Beginning with the line that contains "While there's no" and ending with the line that contains "蔚蓝天府老师在正式递交申请前", reproduce the lines of the entries below exactly, omitting pictures.
*** Extracted data Section Begins ***
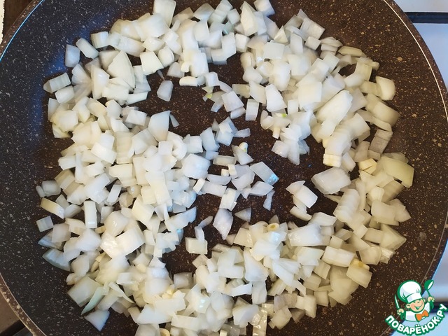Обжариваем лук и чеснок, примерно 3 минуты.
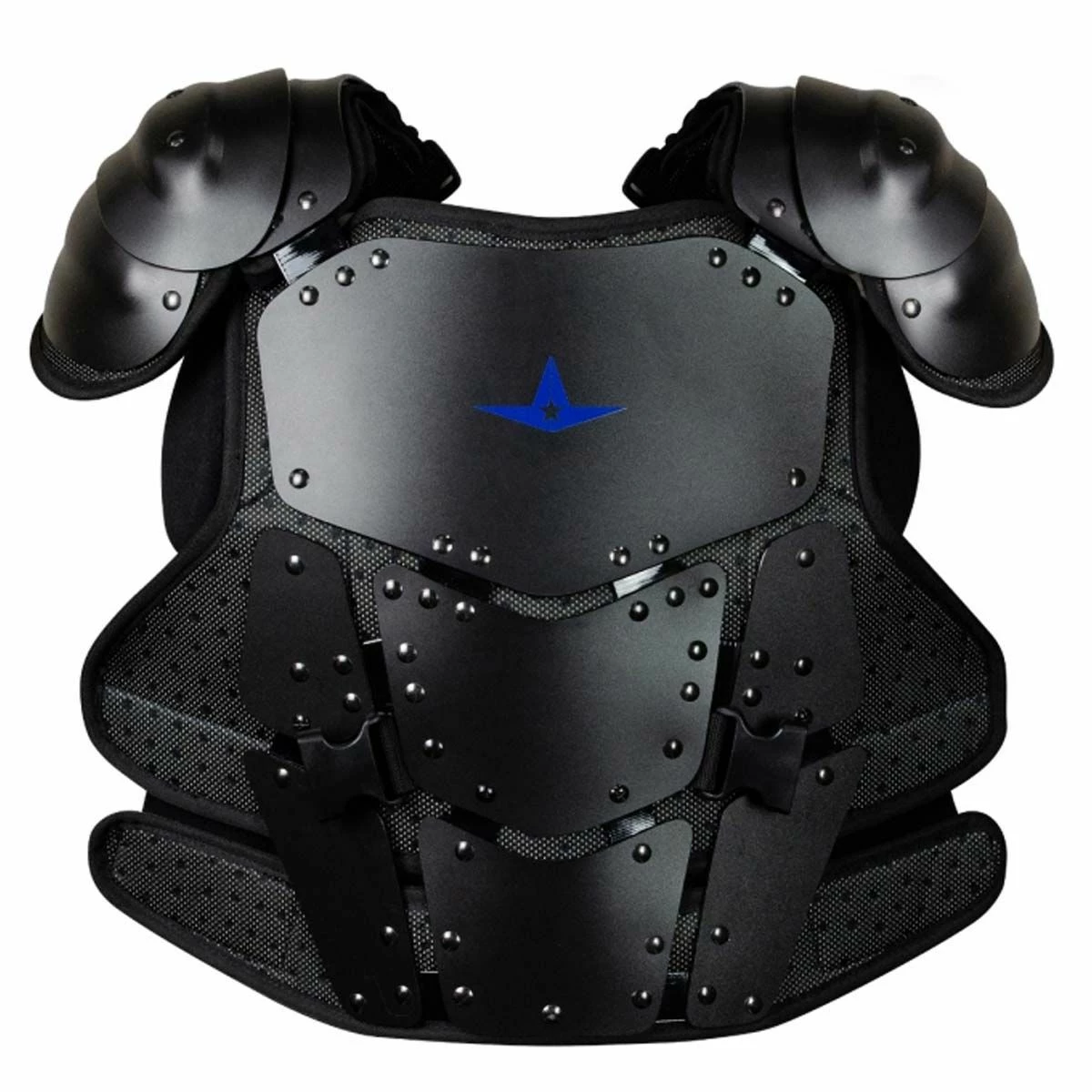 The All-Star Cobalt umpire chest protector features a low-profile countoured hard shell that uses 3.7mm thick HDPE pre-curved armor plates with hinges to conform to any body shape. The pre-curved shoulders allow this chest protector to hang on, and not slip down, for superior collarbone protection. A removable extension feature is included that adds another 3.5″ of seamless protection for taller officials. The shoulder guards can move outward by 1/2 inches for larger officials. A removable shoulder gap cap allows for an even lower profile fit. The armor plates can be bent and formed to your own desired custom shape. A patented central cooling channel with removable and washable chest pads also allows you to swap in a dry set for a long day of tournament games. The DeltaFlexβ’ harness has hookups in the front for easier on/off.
*** Extracted data Section Ends ***
*** Extracted data Section Begins ***
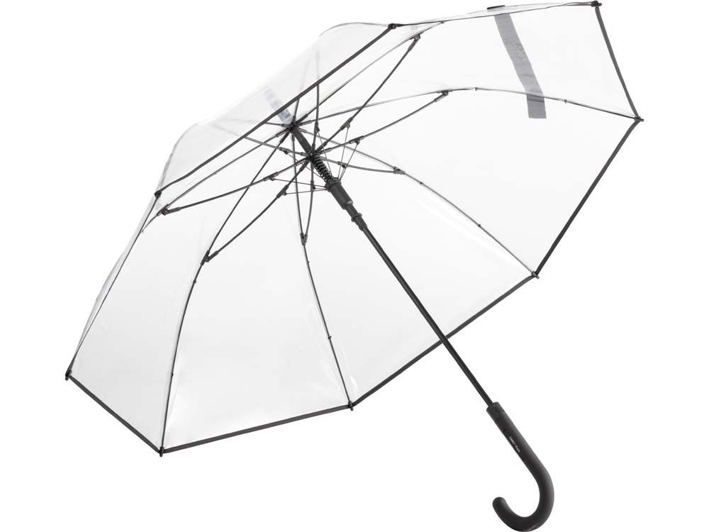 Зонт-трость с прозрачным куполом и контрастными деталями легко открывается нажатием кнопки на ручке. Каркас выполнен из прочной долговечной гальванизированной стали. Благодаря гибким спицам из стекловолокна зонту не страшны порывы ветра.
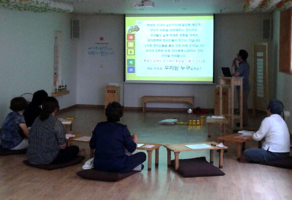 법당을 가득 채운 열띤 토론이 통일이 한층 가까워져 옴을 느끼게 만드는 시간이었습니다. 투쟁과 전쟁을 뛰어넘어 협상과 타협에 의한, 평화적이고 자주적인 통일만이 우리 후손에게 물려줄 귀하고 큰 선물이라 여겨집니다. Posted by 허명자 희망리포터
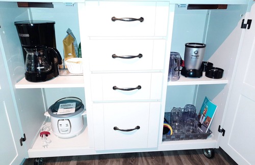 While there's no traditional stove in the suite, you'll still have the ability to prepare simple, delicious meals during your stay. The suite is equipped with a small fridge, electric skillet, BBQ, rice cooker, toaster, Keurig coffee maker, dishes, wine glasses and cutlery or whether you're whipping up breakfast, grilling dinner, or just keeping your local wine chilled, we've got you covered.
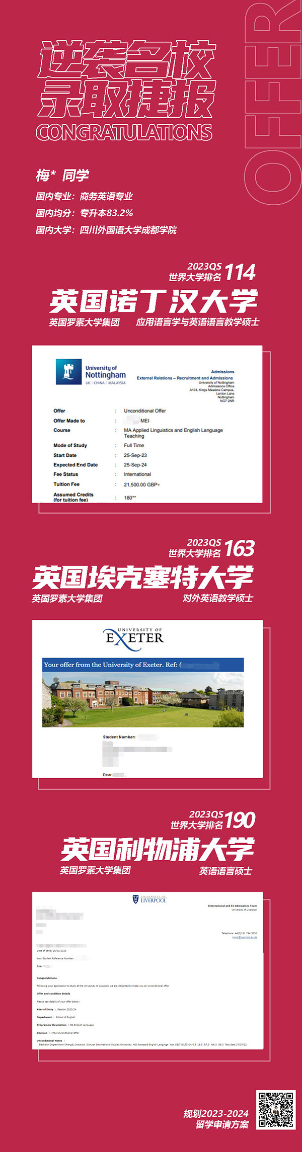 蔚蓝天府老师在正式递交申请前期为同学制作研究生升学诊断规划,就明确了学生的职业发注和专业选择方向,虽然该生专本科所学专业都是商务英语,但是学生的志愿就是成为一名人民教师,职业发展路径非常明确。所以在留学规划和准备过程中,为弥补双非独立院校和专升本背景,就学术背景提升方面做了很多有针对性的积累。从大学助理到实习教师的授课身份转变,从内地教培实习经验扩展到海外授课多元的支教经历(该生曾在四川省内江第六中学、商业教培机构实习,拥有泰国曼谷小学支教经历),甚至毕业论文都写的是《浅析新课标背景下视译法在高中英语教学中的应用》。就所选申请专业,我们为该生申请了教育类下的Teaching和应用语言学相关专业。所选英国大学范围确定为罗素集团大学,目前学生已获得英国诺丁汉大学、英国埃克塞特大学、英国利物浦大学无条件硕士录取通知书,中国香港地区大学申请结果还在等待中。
*** Extracted data Section Ends ***
*** Extracted data Section Begins ***
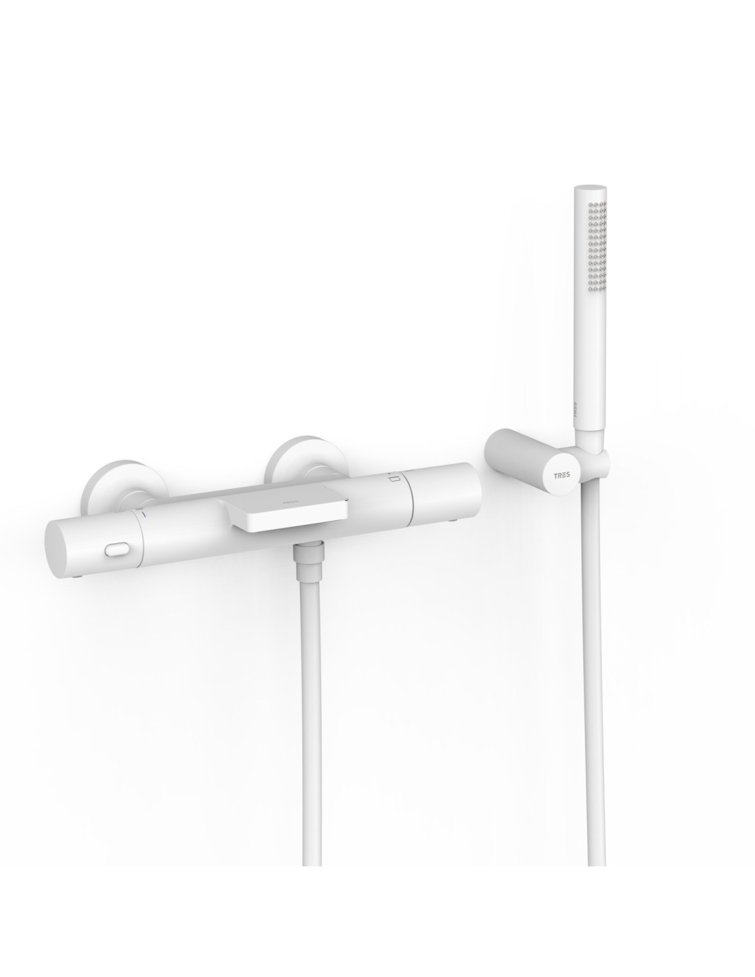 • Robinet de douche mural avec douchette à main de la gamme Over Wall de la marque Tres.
*** Extracted data Section Ends ***
__Result for this exercise__:
 While there's no traditional stove in the suite, you'll still have the ability to prepare simple, delicious meals during your stay. The suite is equipped with a small fridge, electric skillet, BBQ, rice cooker, toaster, Keurig coffee maker, dishes, wine glasses and cutlery or whether you're whipping up breakfast, grilling dinner, or just keeping your local wine chilled, we've got you covered.
 蔚蓝天府老师在正式递交申请前期为同学制作研究生升学诊断规划,就明确了学生的职业发注和专业选择方向,虽然该生专本科所学专业都是商务英语,但是学生的志愿就是成为一名人民教师,职业发展路径非常明确。所以在留学规划和准备过程中,为弥补双非独立院校和专升本背景,就学术背景提升方面做了很多有针对性的积累。从大学助理到实习教师的授课身份转变,从内地教培实习经验扩展到海外授课多元的支教经历(该生曾在四川省内江第六中学、商业教培机构实习,拥有泰国曼谷小学支教经历),甚至毕业论文都写的是《浅析新课标背景下视译法在高中英语教学中的应用》。就所选申请专业,我们为该生申请了教育类下的Teaching和应用语言学相关专业。所选英国大学范围确定为罗素集团大学,目前学生已获得英国诺丁汉大学、英国埃克塞特大学、英国利物浦大学无条件硕士录取通知书,中国香港地区大学申请结果还在等待中。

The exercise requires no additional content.